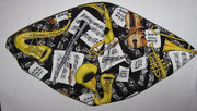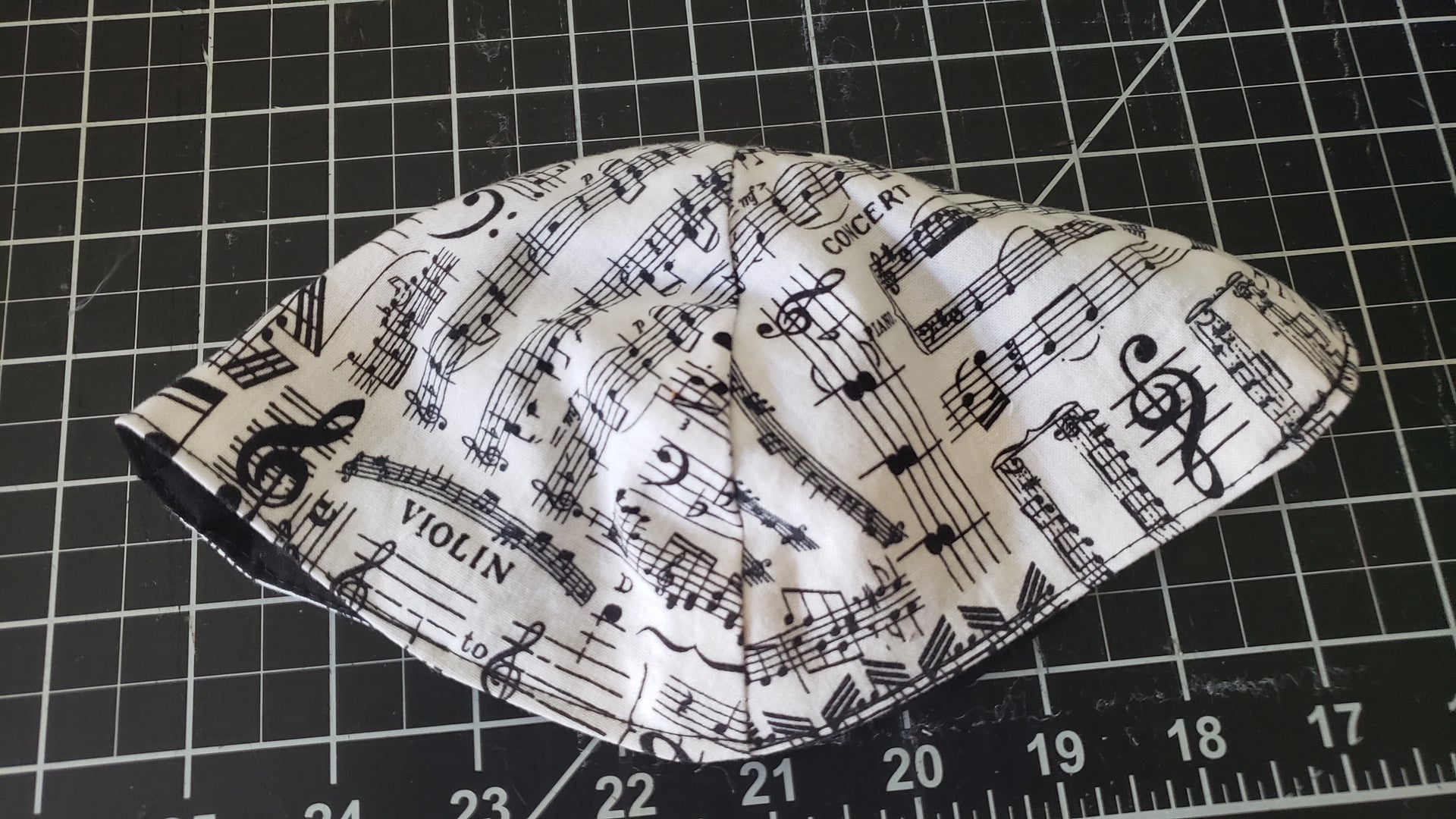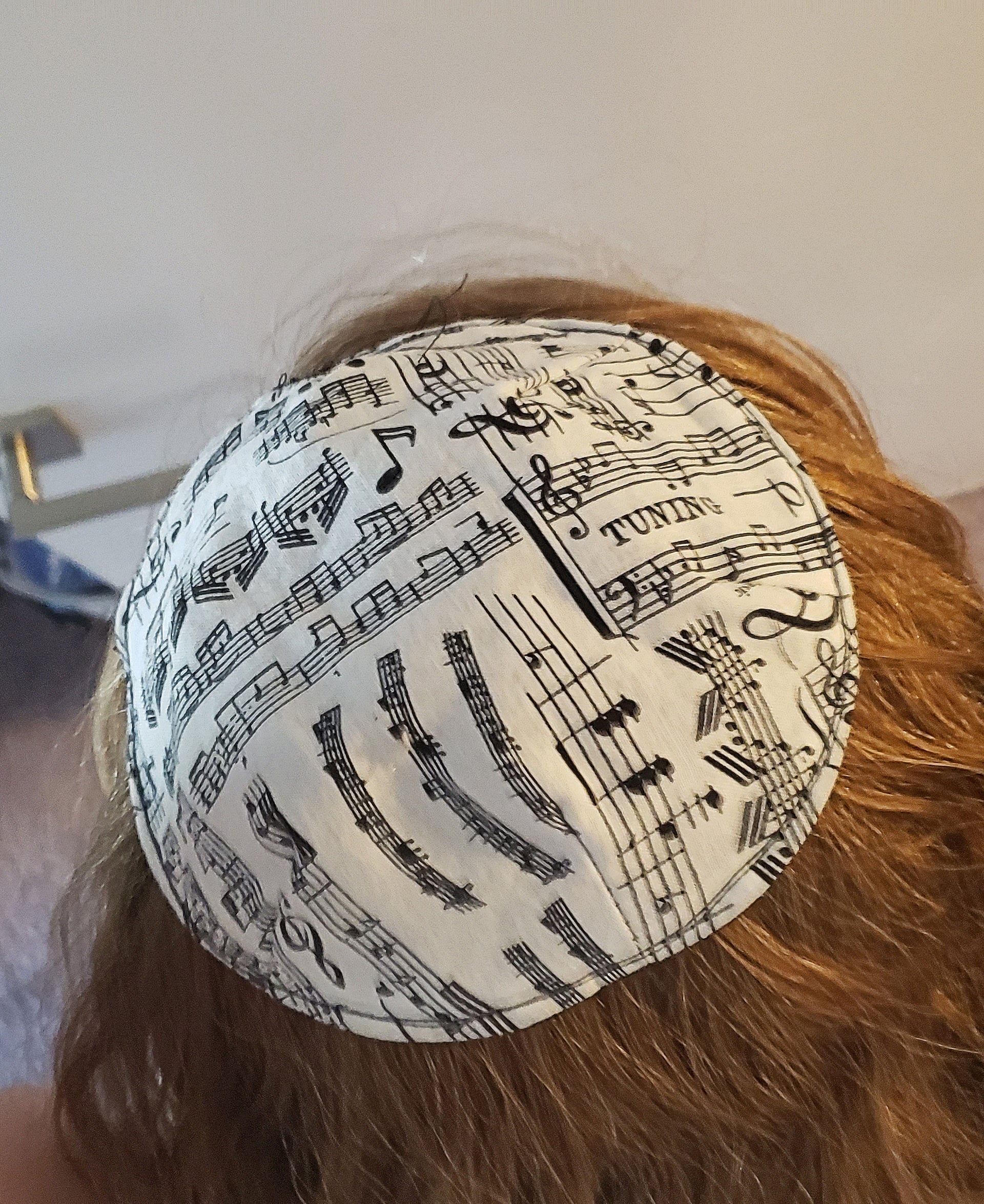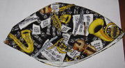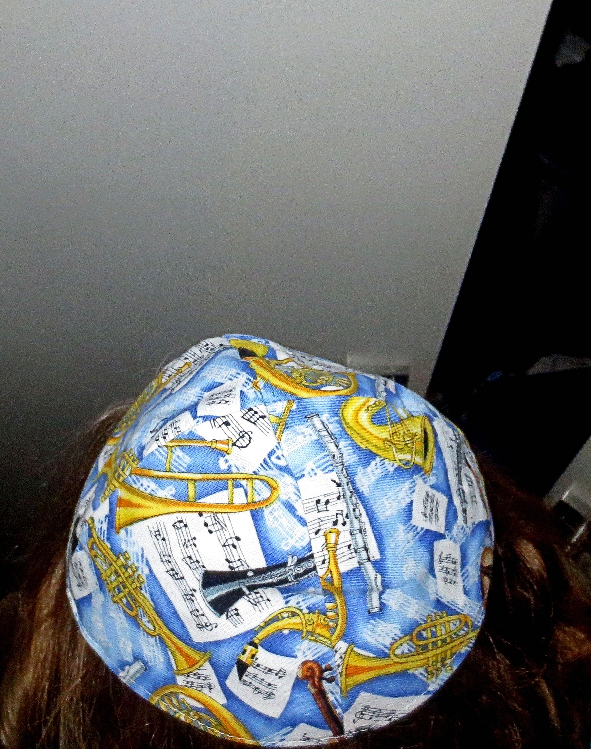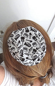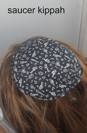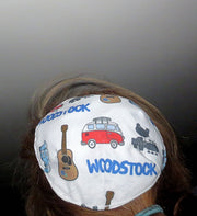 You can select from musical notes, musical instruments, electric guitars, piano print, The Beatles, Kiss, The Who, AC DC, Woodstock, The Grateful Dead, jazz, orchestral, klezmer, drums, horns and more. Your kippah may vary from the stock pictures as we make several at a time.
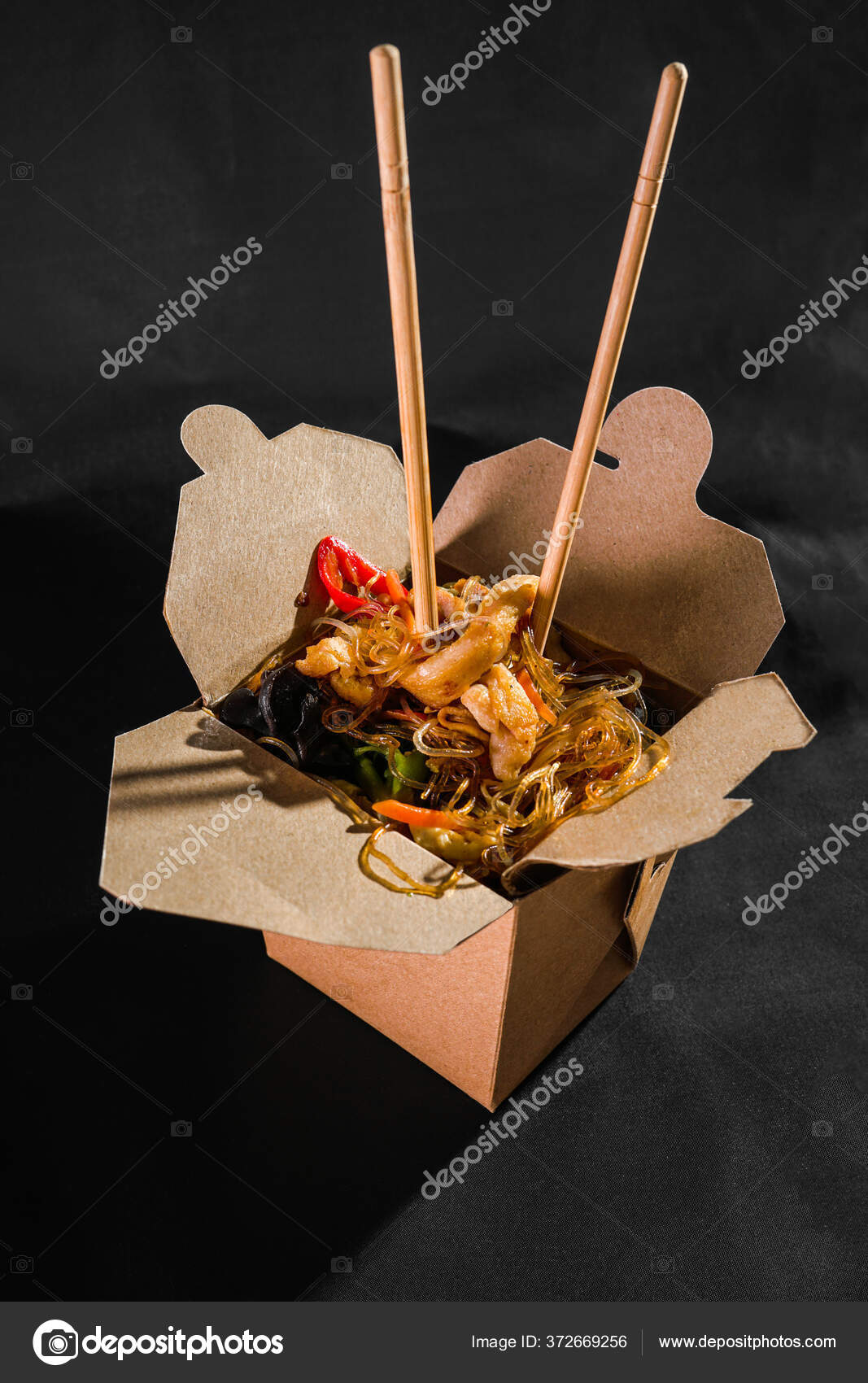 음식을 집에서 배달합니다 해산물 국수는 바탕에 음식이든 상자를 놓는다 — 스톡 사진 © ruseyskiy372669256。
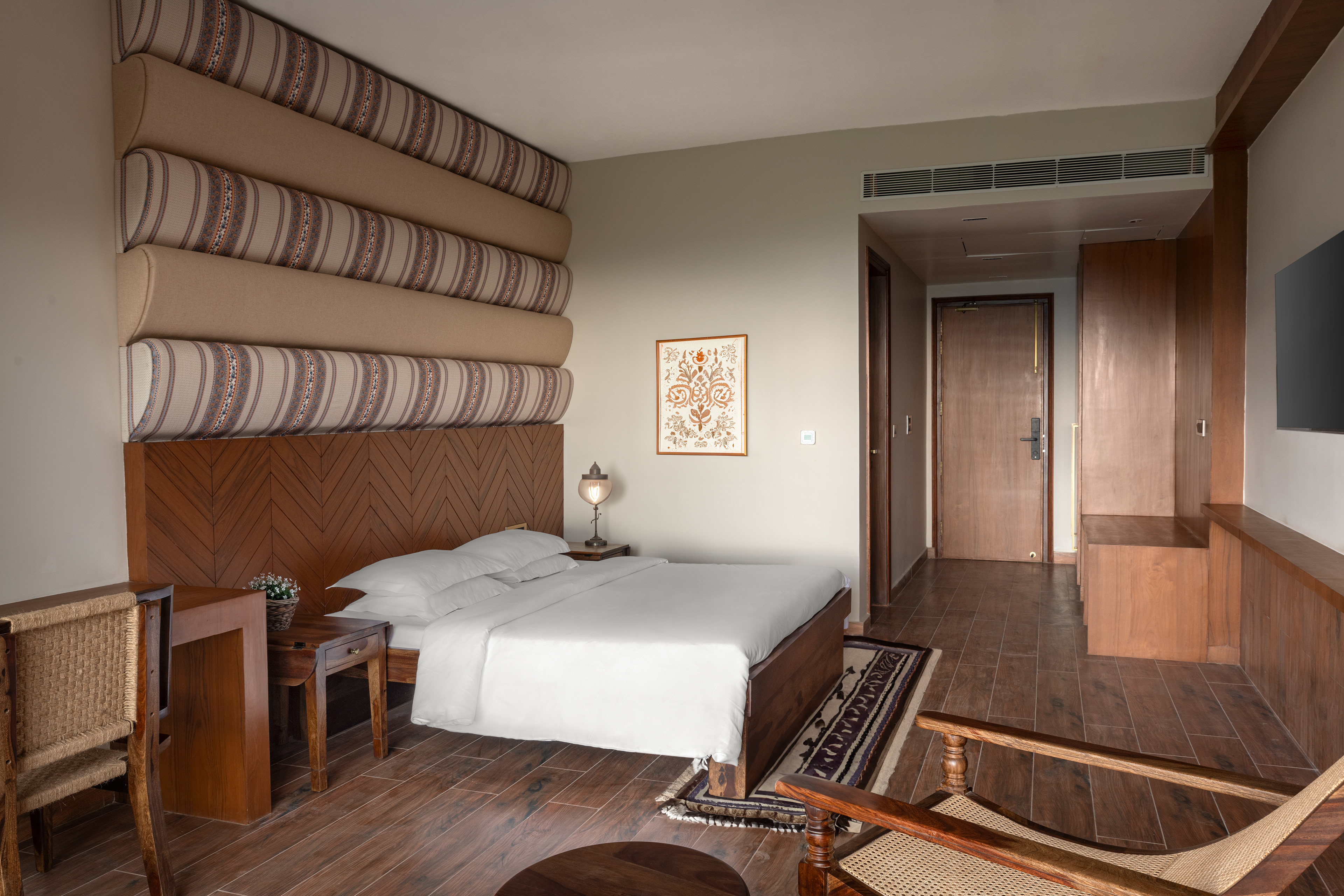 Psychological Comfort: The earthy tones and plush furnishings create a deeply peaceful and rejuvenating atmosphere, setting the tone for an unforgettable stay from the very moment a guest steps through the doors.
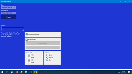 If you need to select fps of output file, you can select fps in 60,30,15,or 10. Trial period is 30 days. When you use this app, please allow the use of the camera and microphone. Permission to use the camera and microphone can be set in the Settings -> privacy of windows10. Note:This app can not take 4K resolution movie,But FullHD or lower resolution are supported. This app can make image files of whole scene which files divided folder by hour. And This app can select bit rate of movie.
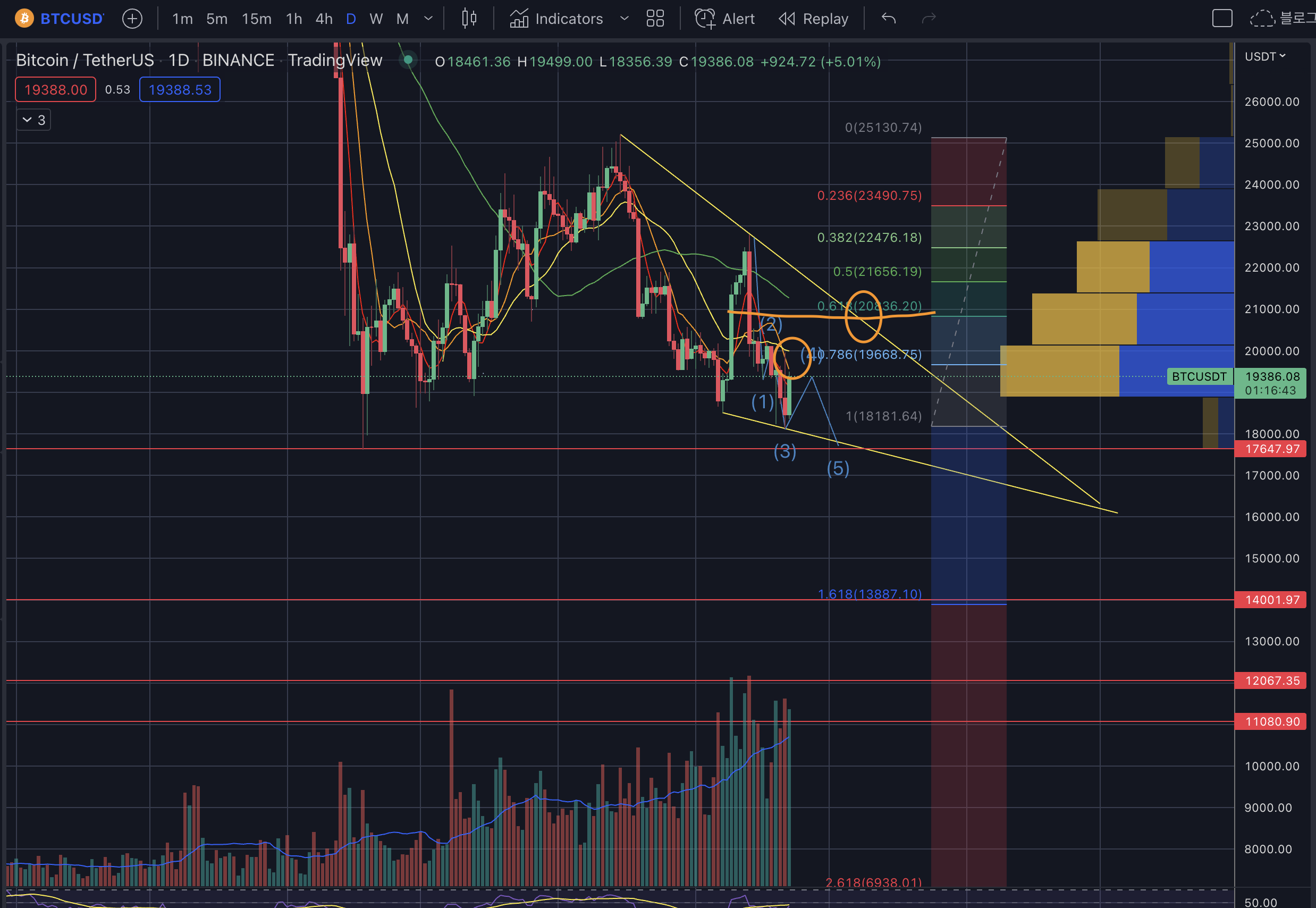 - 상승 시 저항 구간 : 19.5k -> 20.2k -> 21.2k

━━━━━━

### WHAT IS BEING ASKED
Copy out the whole listing exactly. Skip its pictures.

### YOUR RESPONSE
 You can select from musical notes, musical instruments, electric guitars, piano print, The Beatles, Kiss, The Who, AC DC, Woodstock, The Grateful Dead, jazz, orchestral, klezmer, drums, horns and more. Your kippah may vary from the stock pictures as we make several at a time.
 음식을 집에서 배달합니다 해산물 국수는 바탕에 음식이든 상자를 놓는다 — 스톡 사진 © ruseyskiy372669256。
 Psychological Comfort: The earthy tones and plush furnishings create a deeply peaceful and rejuvenating atmosphere, setting the tone for an unforgettable stay from the very moment a guest steps through the doors.
 If you need to select fps of output file, you can select fps in 60,30,15,or 10. Trial period is 30 days. When you use this app, please allow the use of the camera and microphone. Permission to use the camera and microphone can be set in the Settings -> privacy of windows10. Note:This app can not take 4K resolution movie,But FullHD or lower resolution are supported. This app can make image files of whole scene which files divided folder by hour. And This app can select bit rate of movie.
 - 상승 시 저항 구간 : 19.5k -> 20.2k -> 21.2k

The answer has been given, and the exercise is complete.